Predictable changes in predation mortality as a consequence of changes in food availability and predation risk

  • Bradley R. Anholt
  • E.E. Werner
Article

Abstract

Theory predicts that animals will have lower activity levels when either the risk of predation is high or the availability of resources in the environment is high. If encounter rates with predators are proportional to activity level, then we might expect predation mortality to be affected by resource availability and predator density independent of the number of effective predators. In a factorial experiment, we tested whether predation mortality of larval wood frogs, Rana sylvatica, caused by a single larval dragonfly, Anax junius, was affected by the presence of additional caged predators and elevated resource levels. Observations were consistent with predictions. The survival rate of the tadpoles increased when additional caged predators were present and when additional resources were provided. There was no significant interaction term between predator density and food concentration. Lower predation rates at higher predator density is a form of interference competition.

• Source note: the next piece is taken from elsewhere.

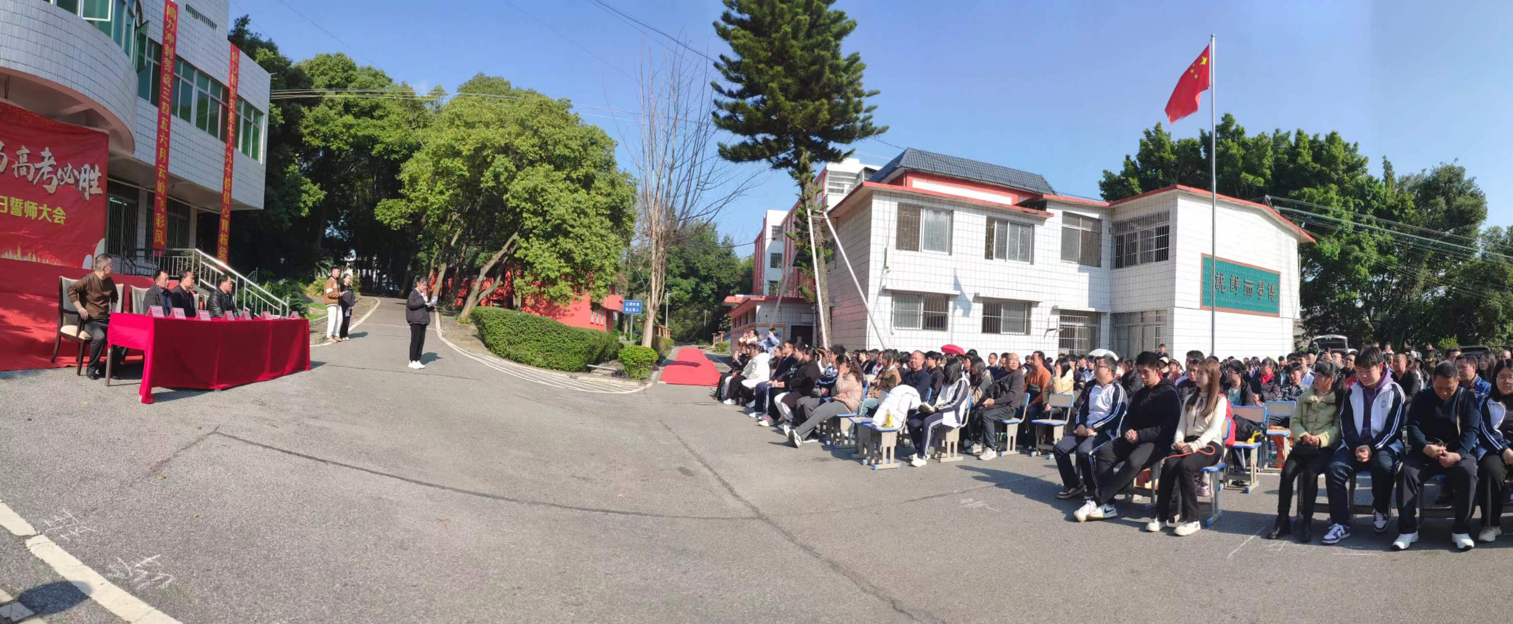 誓师大会在雄壮的国歌声中拉开序幕,鲜艳的五星红旗冉冉升起,每个人的眼中都升腾起炽热的亮光,充满着青春的力量,励志成为新时代的有志青年,为祖国的繁荣富强贡献自己的力量。

Reduced activity of prey at higher predator density is a potential general mechanism for this widespread phenomenon. Higher predation rates at low food levels provides an indirect mechanism for density-dependent predation. When resources are depressed by elevated consumer densities, then the higher activity levels associated with low resource levels can lead to a positive association between consumer density and consumer mortality due to predation. These linkages between variation in behaviour and density-dependent processes argue that variation in behaviour may contribute to the dynamics of the populations. Because the capture rate of predators depends on the resources available to prey, the results also argue that models of food-web dynamics will have to incorporate adaptive variation in behaviour to make accurate predictions.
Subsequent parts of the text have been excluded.